Frequently Asked Questions about Cross Trade
Is it legal to carry out Cross Trade operations?
Yes, Cross Trade is a totally legal practice in international trade, as long as the tax, customs and documentary regulations of the countries involved are complied with. It is essential to have specialized advice to avoid compliance errors that may result in sanctions or blocking of goods.
What Incoterms are commonly used in triangular shipments?
It depends on the structure of the operation, but the most common are EXW, FOB, CFR, CIF and DAP. The key is to clearly define the responsibilities of each party (supplier, intermediary and final buyer) and ensure that the documents are aligned with those terms.

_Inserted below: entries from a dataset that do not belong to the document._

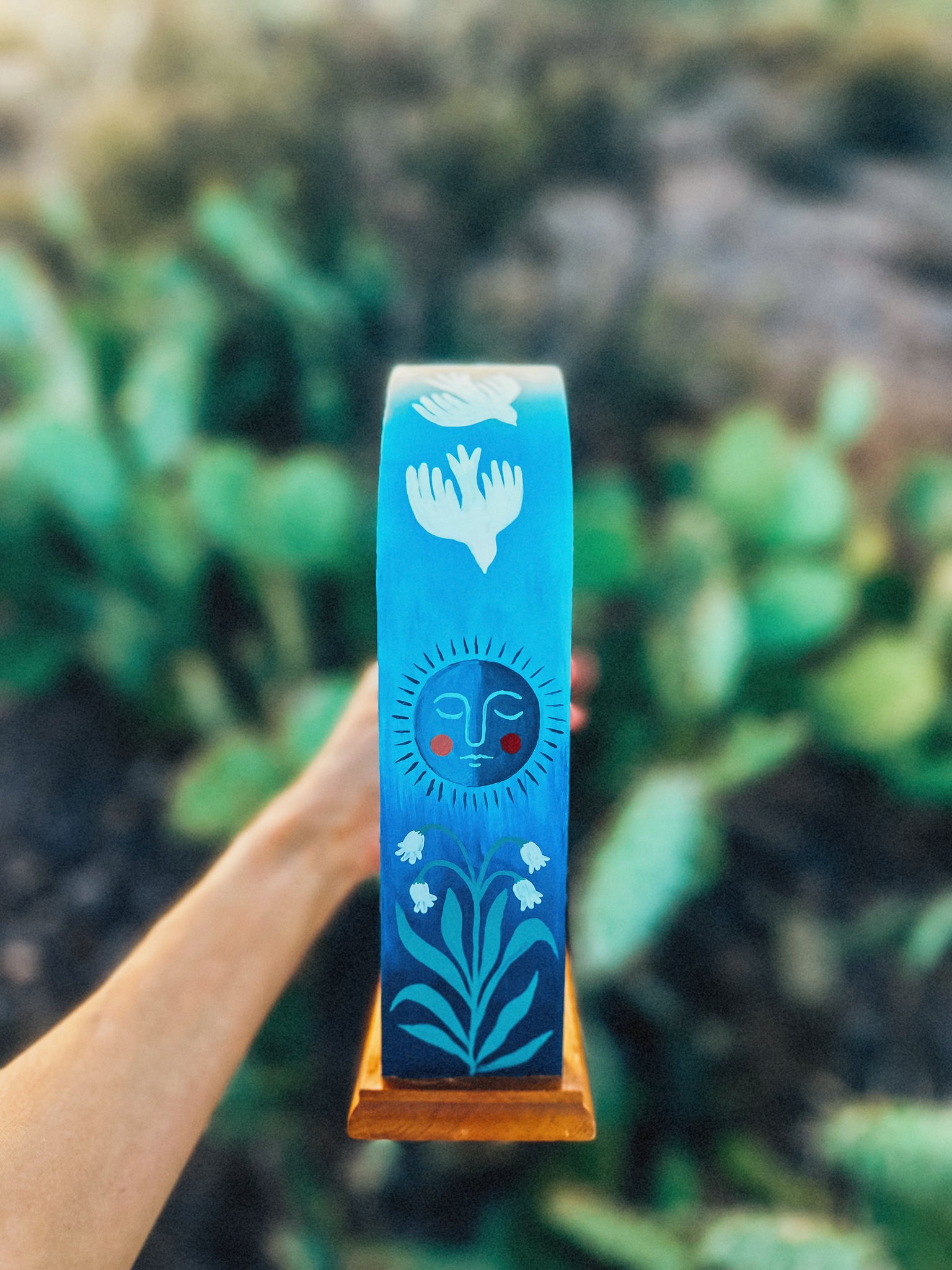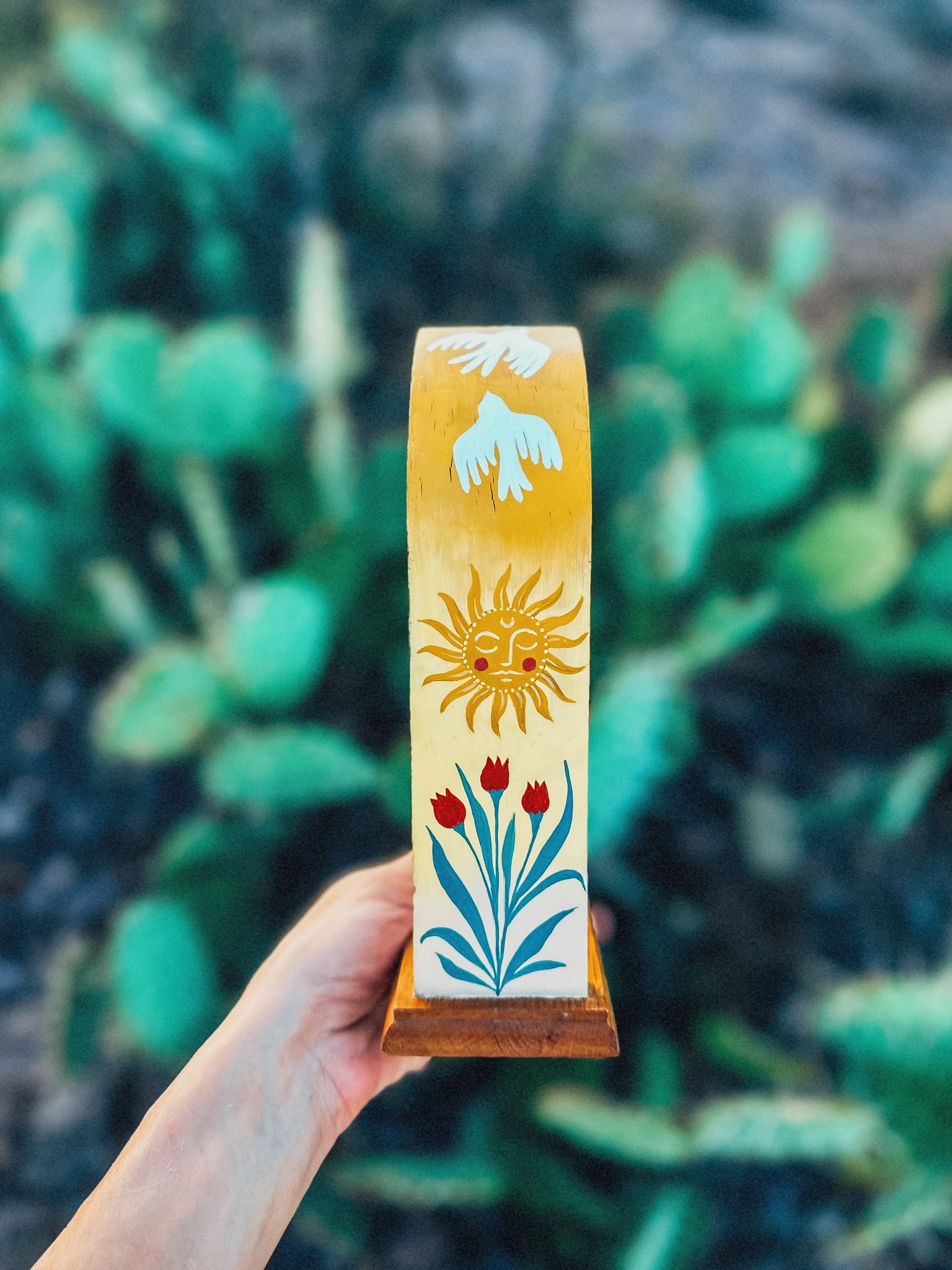 Bring a touch of desert sunlight and celestial charm into your home with this hand painted vintage arch. This piece was carefully restored and adorned with a whimsical folk art sun and moon design.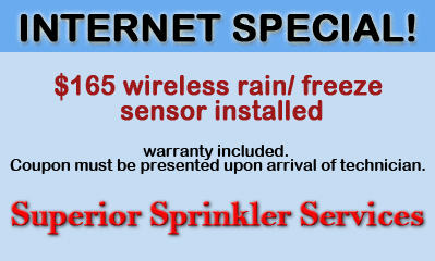 At Superior Sprinkler Services, it is our promise to remain competitive, yet affordably priced. We firmly believe that beautiful healthy lawns should not cost you a fortune. In doing so, we are providing you with a variety of money-saving coupons so that can enjoy your lawn and landscaping without costing you an arm and a leg. Please be aware that though we encourage you to take advantage of our coupons, we also ask that no two offers be combined and that these promotions cannot be combined with any other offer.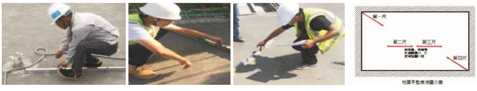 2.任選同一功能房間地面的2個對角區(qū)域,按與墻面夾角45度平方靠尺測量2次,加上房間中部區(qū)域測量一次,共測量3次???餐廳或較大房間地面的中部區(qū)域需加測1次;

Can I hide the identity of my supplier from the end customer?
Yes, it is a common practice in cross trade. Transport documents can be issued without showing the original supplier, through specific instructions to the freight forwarder or shipping line. At Across Logistics we offer this service under strict confidentiality protocols.
What happens if there are discrepancies between the documents issued by the supplier and those of the intermediary?
It is essential that the documentation is perfectly coordinated. Any difference between the supplier’s data (invoice, packing list) and the documents generated by the intermediary can cause delays at customs or even blockages. This is why it is essential to have a logistics operator that manages and supervises all documents centrally.
Can Cross Trade be applied within the European Union?
Yes, although with certain particularities. In the intra-EU area, where there are no customs controls between EU countries, it is possible to structure triangular operations, but the tax effects of VAT and chain invoicing must be considered. It is recommended to analyze each case with a tax and logistics advisor.